======== Data extract ========

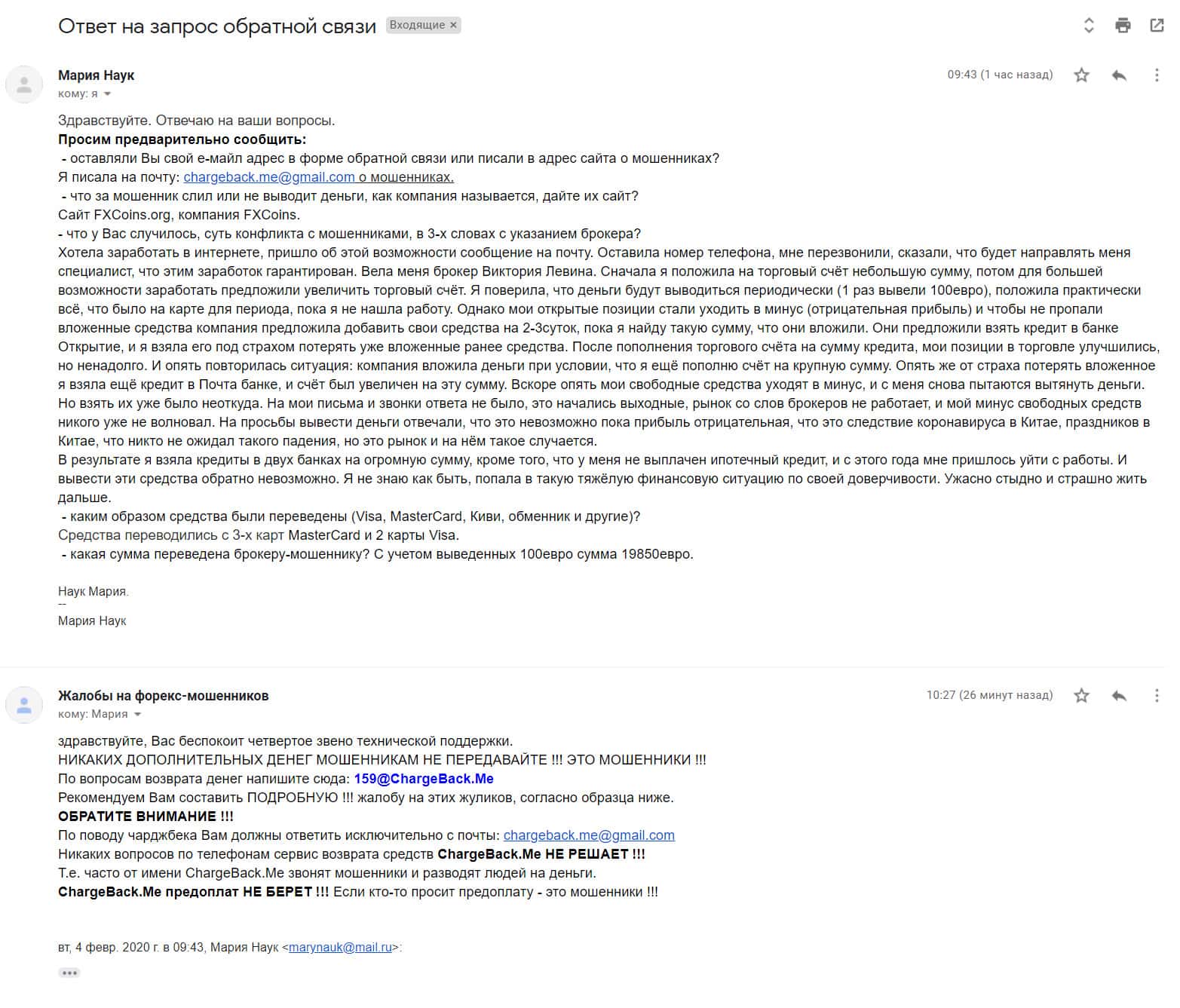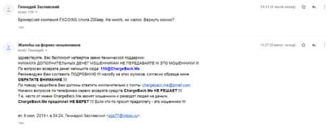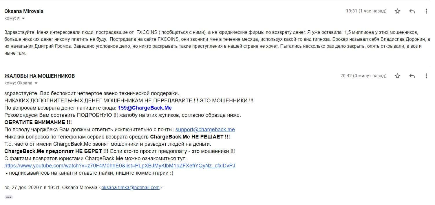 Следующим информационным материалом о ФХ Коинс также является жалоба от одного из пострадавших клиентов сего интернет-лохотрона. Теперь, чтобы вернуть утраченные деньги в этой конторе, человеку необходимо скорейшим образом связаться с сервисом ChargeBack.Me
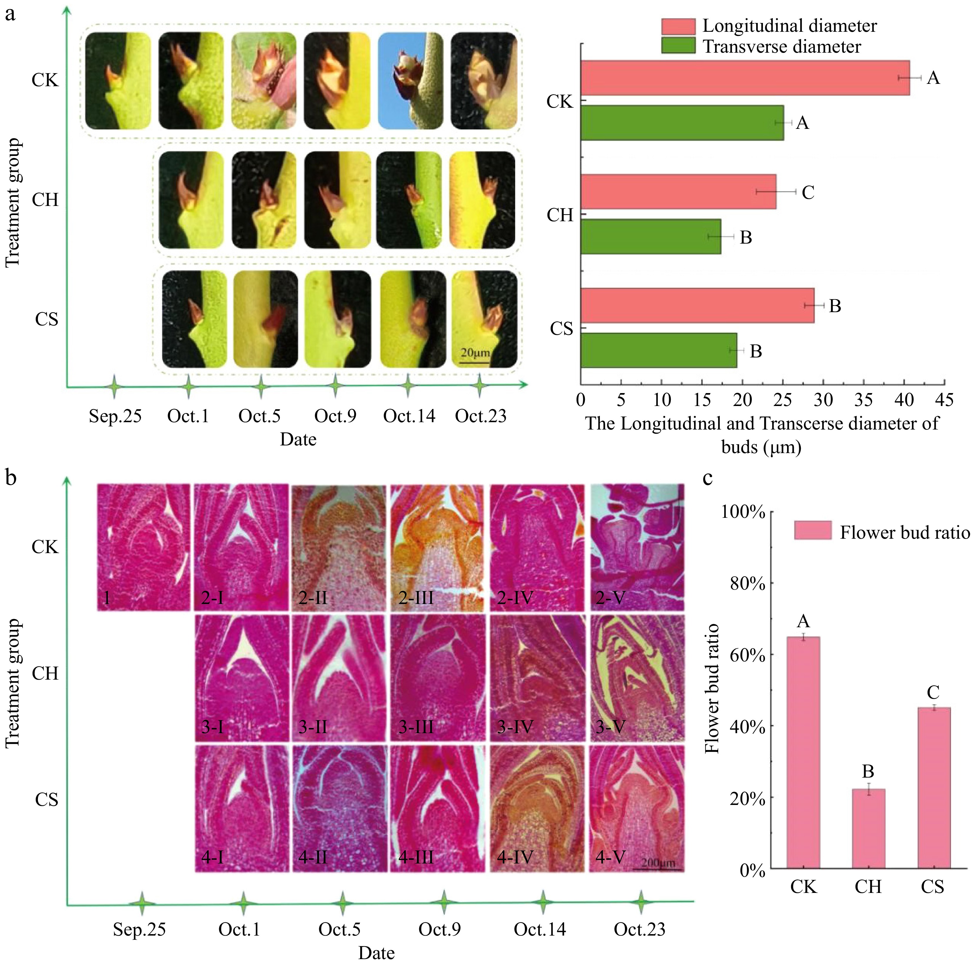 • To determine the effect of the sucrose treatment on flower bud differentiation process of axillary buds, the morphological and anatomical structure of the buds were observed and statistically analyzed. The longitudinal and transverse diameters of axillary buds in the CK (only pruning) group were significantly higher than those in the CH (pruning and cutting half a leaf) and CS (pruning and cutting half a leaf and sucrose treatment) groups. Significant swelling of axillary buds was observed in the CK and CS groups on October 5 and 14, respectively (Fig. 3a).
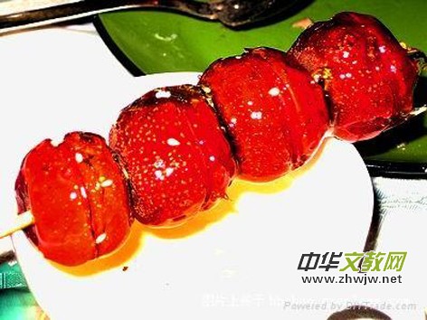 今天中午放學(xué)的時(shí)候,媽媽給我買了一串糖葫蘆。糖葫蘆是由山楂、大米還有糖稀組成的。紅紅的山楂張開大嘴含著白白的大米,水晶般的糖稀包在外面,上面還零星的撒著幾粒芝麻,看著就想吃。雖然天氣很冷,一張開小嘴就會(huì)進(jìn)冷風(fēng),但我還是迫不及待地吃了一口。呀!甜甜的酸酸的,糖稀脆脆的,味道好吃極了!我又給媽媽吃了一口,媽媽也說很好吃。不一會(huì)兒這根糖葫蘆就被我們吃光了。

========

_Your goal_. Produce an exact copy of the lines from the line with "respectively (Fig. 3a)." through the last line of the data above, both ends included. No pictures belong in it.

_Solution to this exercise_.
 • To determine the effect of the sucrose treatment on flower bud differentiation process of axillary buds, the morphological and anatomical structure of the buds were observed and statistically analyzed. The longitudinal and transverse diameters of axillary buds in the CK (only pruning) group were significantly higher than those in the CH (pruning and cutting half a leaf) and CS (pruning and cutting half a leaf and sucrose treatment) groups. Significant swelling of axillary buds was observed in the CK and CS groups on October 5 and 14, respectively (Fig. 3a).
 今天中午放學(xué)的時(shí)候,媽媽給我買了一串糖葫蘆。糖葫蘆是由山楂、大米還有糖稀組成的。紅紅的山楂張開大嘴含著白白的大米,水晶般的糖稀包在外面,上面還零星的撒著幾粒芝麻,看著就想吃。雖然天氣很冷,一張開小嘴就會(huì)進(jìn)冷風(fēng),但我還是迫不及待地吃了一口。呀!甜甜的酸酸的,糖稀脆脆的,味道好吃極了!我又給媽媽吃了一口,媽媽也說很好吃。不一會(huì)兒這根糖葫蘆就被我們吃光了。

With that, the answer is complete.